The movie proposed this radical vision: A costume can change not just perception, but reality.
Precisely when a thirteen-year-old most wants privacy and autonomy, I had lost all control of my body. Blood, vomit, pus, shit: Everything was discussed, examined, weighed, quantified. Doctors made the major decisions, my parents the minor. I had no choice in even the smallest details; not food, not even bathing. I was not allowed to immerse my skin in water, not allowed to shower. My mother washed my hair in the sink every third day, wrapping fresh scars in plastic to keep them dry and safe.

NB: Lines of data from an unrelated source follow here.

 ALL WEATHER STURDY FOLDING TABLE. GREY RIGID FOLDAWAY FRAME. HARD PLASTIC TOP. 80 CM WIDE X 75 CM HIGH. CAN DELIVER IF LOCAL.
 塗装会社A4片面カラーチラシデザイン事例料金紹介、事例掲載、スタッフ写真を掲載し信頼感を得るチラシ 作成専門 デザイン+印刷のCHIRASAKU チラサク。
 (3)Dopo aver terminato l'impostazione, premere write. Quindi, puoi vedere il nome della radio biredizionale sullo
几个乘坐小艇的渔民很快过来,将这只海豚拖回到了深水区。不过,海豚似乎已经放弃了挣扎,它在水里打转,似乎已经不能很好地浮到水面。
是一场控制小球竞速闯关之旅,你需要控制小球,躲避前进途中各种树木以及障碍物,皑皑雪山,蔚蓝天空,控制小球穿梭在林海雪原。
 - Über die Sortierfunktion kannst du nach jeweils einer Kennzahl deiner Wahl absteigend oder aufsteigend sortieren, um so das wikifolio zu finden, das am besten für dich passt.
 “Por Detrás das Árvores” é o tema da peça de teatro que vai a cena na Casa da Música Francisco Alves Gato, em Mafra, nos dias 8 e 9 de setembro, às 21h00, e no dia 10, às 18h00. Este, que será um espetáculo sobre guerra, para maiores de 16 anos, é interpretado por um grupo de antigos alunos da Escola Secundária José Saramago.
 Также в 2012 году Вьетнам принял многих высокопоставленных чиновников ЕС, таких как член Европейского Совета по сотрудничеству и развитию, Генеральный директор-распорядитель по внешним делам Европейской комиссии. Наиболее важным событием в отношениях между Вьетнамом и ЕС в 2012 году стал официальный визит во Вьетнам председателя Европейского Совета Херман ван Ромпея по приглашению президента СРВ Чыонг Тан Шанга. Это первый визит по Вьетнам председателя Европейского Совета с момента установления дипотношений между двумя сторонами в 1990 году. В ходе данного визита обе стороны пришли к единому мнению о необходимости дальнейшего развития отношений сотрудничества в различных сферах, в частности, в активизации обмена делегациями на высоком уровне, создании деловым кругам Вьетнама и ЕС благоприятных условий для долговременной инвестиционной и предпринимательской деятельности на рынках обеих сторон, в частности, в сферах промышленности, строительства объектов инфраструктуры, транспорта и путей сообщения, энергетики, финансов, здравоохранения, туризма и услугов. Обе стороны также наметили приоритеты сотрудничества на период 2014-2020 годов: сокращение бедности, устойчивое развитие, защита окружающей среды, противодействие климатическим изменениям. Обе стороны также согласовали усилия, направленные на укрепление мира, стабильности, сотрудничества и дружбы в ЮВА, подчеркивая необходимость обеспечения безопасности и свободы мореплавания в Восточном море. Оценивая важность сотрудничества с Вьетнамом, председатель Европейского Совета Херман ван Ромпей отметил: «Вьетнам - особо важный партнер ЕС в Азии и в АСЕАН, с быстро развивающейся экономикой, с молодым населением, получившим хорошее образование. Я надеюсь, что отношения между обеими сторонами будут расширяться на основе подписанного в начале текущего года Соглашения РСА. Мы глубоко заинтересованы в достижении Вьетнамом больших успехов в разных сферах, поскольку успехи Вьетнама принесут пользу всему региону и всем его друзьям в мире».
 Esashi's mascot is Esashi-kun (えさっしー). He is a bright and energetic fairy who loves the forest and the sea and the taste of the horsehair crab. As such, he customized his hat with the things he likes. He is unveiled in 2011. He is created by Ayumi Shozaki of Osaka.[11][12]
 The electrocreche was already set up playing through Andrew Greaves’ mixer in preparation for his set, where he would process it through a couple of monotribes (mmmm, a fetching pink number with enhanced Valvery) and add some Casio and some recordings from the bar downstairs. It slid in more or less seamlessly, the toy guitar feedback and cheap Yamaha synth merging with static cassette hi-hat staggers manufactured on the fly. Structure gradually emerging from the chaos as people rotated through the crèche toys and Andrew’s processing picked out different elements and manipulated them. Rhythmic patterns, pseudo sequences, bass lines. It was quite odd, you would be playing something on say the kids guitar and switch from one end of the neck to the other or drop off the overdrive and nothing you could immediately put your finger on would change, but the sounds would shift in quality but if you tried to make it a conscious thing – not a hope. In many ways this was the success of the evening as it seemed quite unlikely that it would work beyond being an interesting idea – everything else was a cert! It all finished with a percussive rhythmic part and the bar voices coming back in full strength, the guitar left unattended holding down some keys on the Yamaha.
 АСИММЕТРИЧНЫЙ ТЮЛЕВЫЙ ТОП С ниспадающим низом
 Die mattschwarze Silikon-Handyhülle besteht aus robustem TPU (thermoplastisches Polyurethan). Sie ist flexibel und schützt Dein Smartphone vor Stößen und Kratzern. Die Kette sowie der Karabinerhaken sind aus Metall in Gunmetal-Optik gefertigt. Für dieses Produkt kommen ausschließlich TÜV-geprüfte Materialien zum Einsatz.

Other girls might have worried about their appearance, but I didn’t need to bother. I knew that I was ugly—so mutilated, in fact,
that I had a permanent gym class waiver to avoid having to disrobe and endure the mockery of my peers.
The surface is indeed superficial, but it matters—it is what you show the world, what you want the world to think and know. And the primary presentation of my essential self, then as now, were the scars. At the start of 1983 I looked garroted, as though I had been hung or strangled or cut in a knife fight. By the end of 1986, I would have hundreds of jagged red slashes and pearly white lumps trailing across my face, chest, shoulders, belly. Others were more obscure, hidden. But even if you couldn’t see them, I could feel them. They throbbed.
Desperately Seeking Susan
suggested: So what? Don’t try to conform. Wear the costume, be a freak, because if someone is looking at your dress they are not looking at whatever you have hidden underneath.